Two cell wall proteins are direct targets of GhHOX3

To identify the genes regulated by GhHOX3, digital gene expression tag profiling was performed to compare the transcripts of developing cotton fibre cells of the wild-type and the co-suppression lines, which identified over 300 differentially expressed genes, of which 78 were downregulated in co-suppression lines compared with the wild-type, under a strict screening criteria (Supplementary Data 1 and 2). Among them, the majority were classified into biological processes of cell growth, including cell wall formation, transcriptional regulation, signal transduction and metabolism. We then analysed the expression of these 78 genes in developing fibre cells by quantitative reverse transcription-PCR, which confirmed the downregulation of 76 in the co-suppression and upregulation of 49 out of the 76 in the overexpression lines (Supplementary Fig. 9). In Arabidopsis, the HD-ZIP IV factors bind to the conserved cis-element, L1-box, of target genes18,19. Of the 49 genes selected, 18 contain at least one L1-box in their promoters (Supplementary Table 4), indicating that they could serve as targets of GhHOX3.

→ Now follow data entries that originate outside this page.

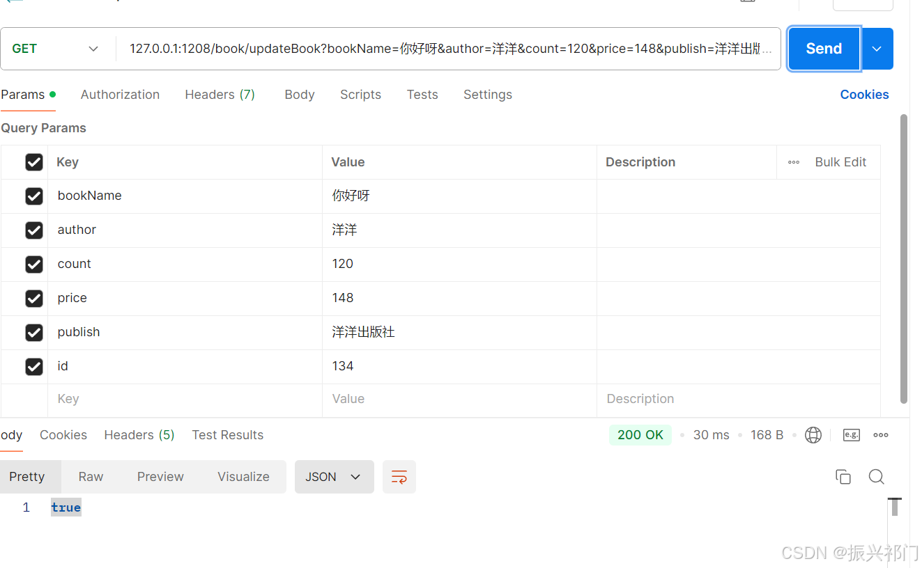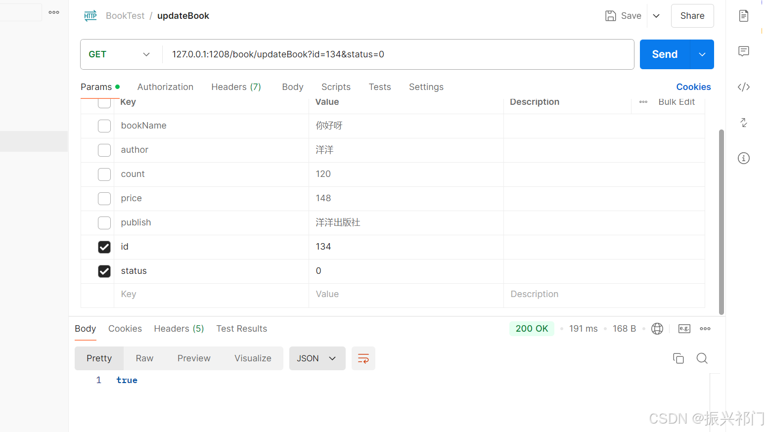 [请求] /book/updateBook Content-Type: application/x-www-form-urlencoded; charset=UTF-8 [参数] id=1&status=0 [响应] true / false
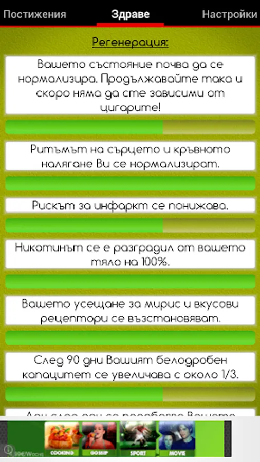 Stop Cigarettes is an application for your mobile phone that helps you to get rid of this bad habit - smoking. It assists your decision to stop smoking by counting the days you no longer smoke, calculates your money saved on cigarettes, and briefly shows you how your body is recovering. Stop Cigarettes stimulates you and your endeavor on the road to a healthier life! When you feel your cigarette hunger bothers you, the Crisis button will save you with quick tips. We are looking forward to this application to help many people in Bulgaria! To help them, please use the "Share" button!
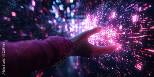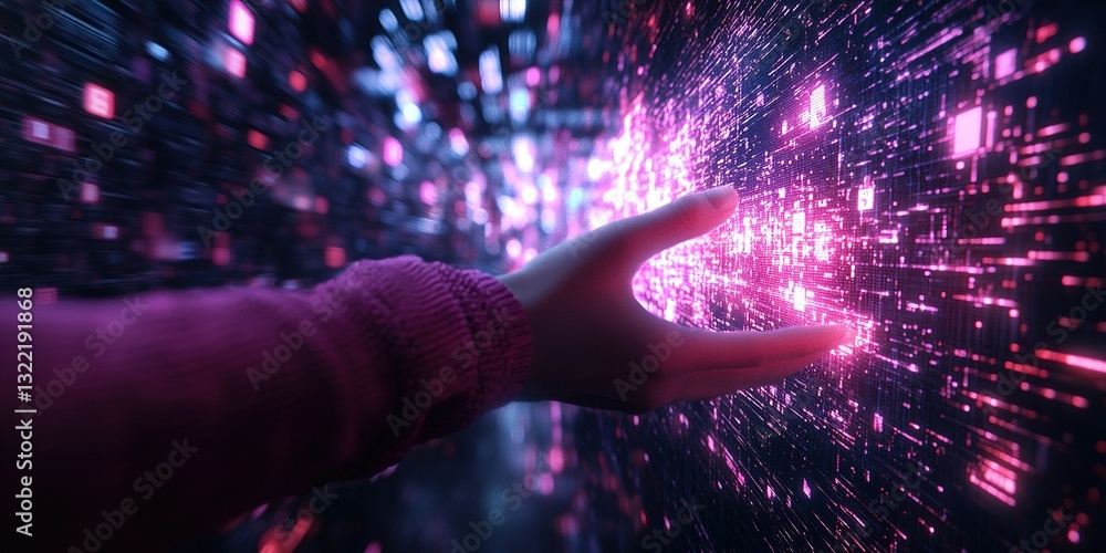 The watermark will not be included on Wall mural.: Exploring a vibrant digital landscape with a reaching hand and colorful particles in motion
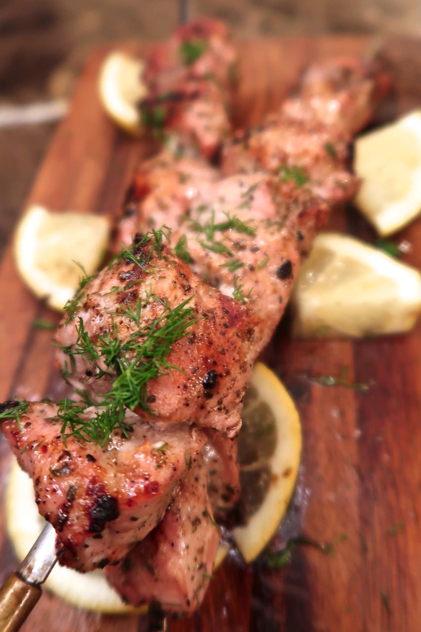 Fish Souvlaki / The meat is usually pork, but other meats are sometimes used instead.
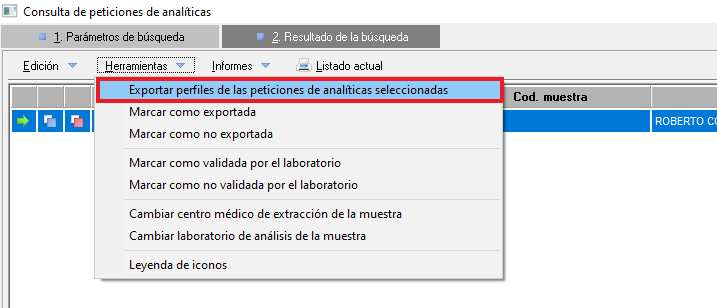 Dentro del buscador debe utilizar los filtros correspondientes para localizar a los trabajadores para los que quieren generar el documento de petición de analíticas. Cuando pulse el botón 'Realizar búsqueda', la aplicación les mostrará el resultado de la consulta, desde donde podrán seleccionar a los trabajadores para los que quieren generar el fichero de petición de analíticas. Una vez seleccionados los trabajadores, desde el menú 'Herramientas' debe pulsar sobre la opción 'Exportar perfiles de las peticiones de analíticas seleccionadas'.
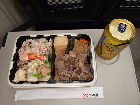 あっちっち 城崎名物 かにめしとすきやき弁当、ザ・プレミアム・モルツ生ビール
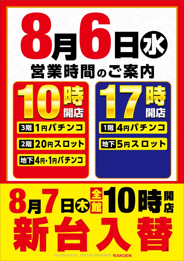 8月6日(水)楽園大宮店❗一部圧縮営業❗
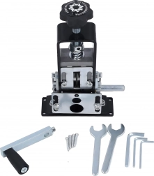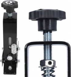 Masivní kovový rám s možností upevnění ke stolu poskytuje stabilitu při práci a dlouhou životnost i v náročných podmínkách.

Putative targets of GhHOX3 included two cell wall protein genes, GhRDL1 and GhEXPA1. GhRDL1 has been shown to interact with GhEXPA1, an α-expansin that functions in wall loosening and cell expansion9. We previously showed that the GhRDL1 promoter contains an L1-box and could be activated by cotton HOX3 in transgenic Arabidopsis14. Interestingly, the GhEXPA1 promoter also contains an L1-box. We found that the expression levels of both GhRDL1 and GhEXPA1 followed the change of GhHOX3 expression: significantly downregulated in GhHOX3-silenced but upregulated in overexpressed lines (Fig. 2a–d). Electrophoretic mobility shift assays (EMSA) showed that GhHOX3 bound to the intact but not the mutated L1-box, from both promoters (Fig. 2e–g). This result was confirmed by yeast one-hybrid assay (Fig. 2h).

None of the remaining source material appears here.